Well they are done talking about it. They couldn't figure out whos was better so I'm gonna decide a little later and will let you all know. 




That's Larry on the left. Man he sure has scrawny legs!


----------



## wittdog (Nov 5, 2006)

That's a good looking pic...


----------



## Nick Prochilo (Nov 5, 2006)

Well here it is plated. It was a close competition, but Finney #2 won the taste test. Wolfe was enjoyable and will definitly be used again, but Finney #2 wins on chicken. 



Tomorrow is the battle of Wolfe Bold vs. Finney #1 on chuckies. I wanted to eat them tonight, but the damn things are taking forever! Stay tuned tomorrow for more race results!


----------



## Finney (Nov 5, 2006)

Great pics.  I liked you sense of humor to the posts.  
 Looks like this would convience Helen that #2 is good on chicken.... but she just doesn't like it on the bird. :?


----------



## Nick Prochilo (Nov 5, 2006)

Finney said:
			
		

> Great pics.  I liked you sense of humor to the posts.
> Looks like this would convience Helen that #2 is good on chicken.... but she just doesn't like it on the bird. :?

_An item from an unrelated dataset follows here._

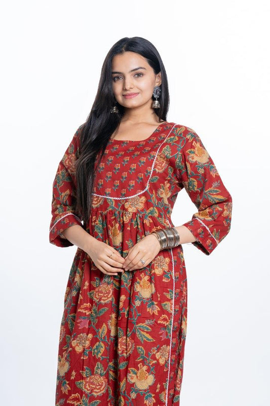 Ekisha women's Maroon designer printed multicolor floral printed straight kurta kurti

Both rubs are excellent! I stuffed the neck cavity on the birds with 1/2 a lime. The juice from the lime came out in the taste on both birds and complimented each rub. Give it a try!


----------



## Cliff H. (Nov 5, 2006)

Fine looking cluckers.  Good rubs also.


----------



## Bill The Grill Guy (Nov 6, 2006)

Now that is a great review.  I wouldnt know what Finney rub 1 or 2 tastes like


----------



## SteerCrazy (Nov 6, 2006)

nice lookin birds there Nick.....think I'll give that lime thing a try next time


----------



## Finney (Nov 6, 2006)

Bill The Grill Guy said:
			
		

> Now that is a great review.  I wouldnt know what Finney rub 1 or 2 tastes like


Larry told me not to send you any.


----------



## LarryWolfe (Nov 6, 2006)

Finney said:
			
		

> Bill The Grill Guy said:
> 
> 
> 
> ...



No I didn't.....


----------



## Finney (Nov 6, 2006)

Larry Wolfe said:
			
		

> Finney said:
> 
> 
> 
> ...



No I didn't.....[/quote:71u6xlws]
Then what was that list you emailed me titled, "People I don't want you to send rub to"? :?


----------



## Helen_Paradise (Nov 6, 2006)

Finney said:
			
		

> Great pics.  I liked you sense of humor to the posts.
> Looks like this would convience Helen that #2 is good on chicken.... but she just doesn't like it on the bird. :?



*shudders* chicken...

*happy dance* ribs...


----------



## LarryWolfe (Nov 6, 2006)

brian j said:
			
		

> Finney said:
> 
> 
> 
> ...


Then what was that list you emailed me titled, "People I don't want you to send rub to"? :?[/quote:3qxnl59q]
it's all starting to make sense now.  and i thought i was your friend.   [/quote:3qxnl59q]

LOL you are Brian!


----------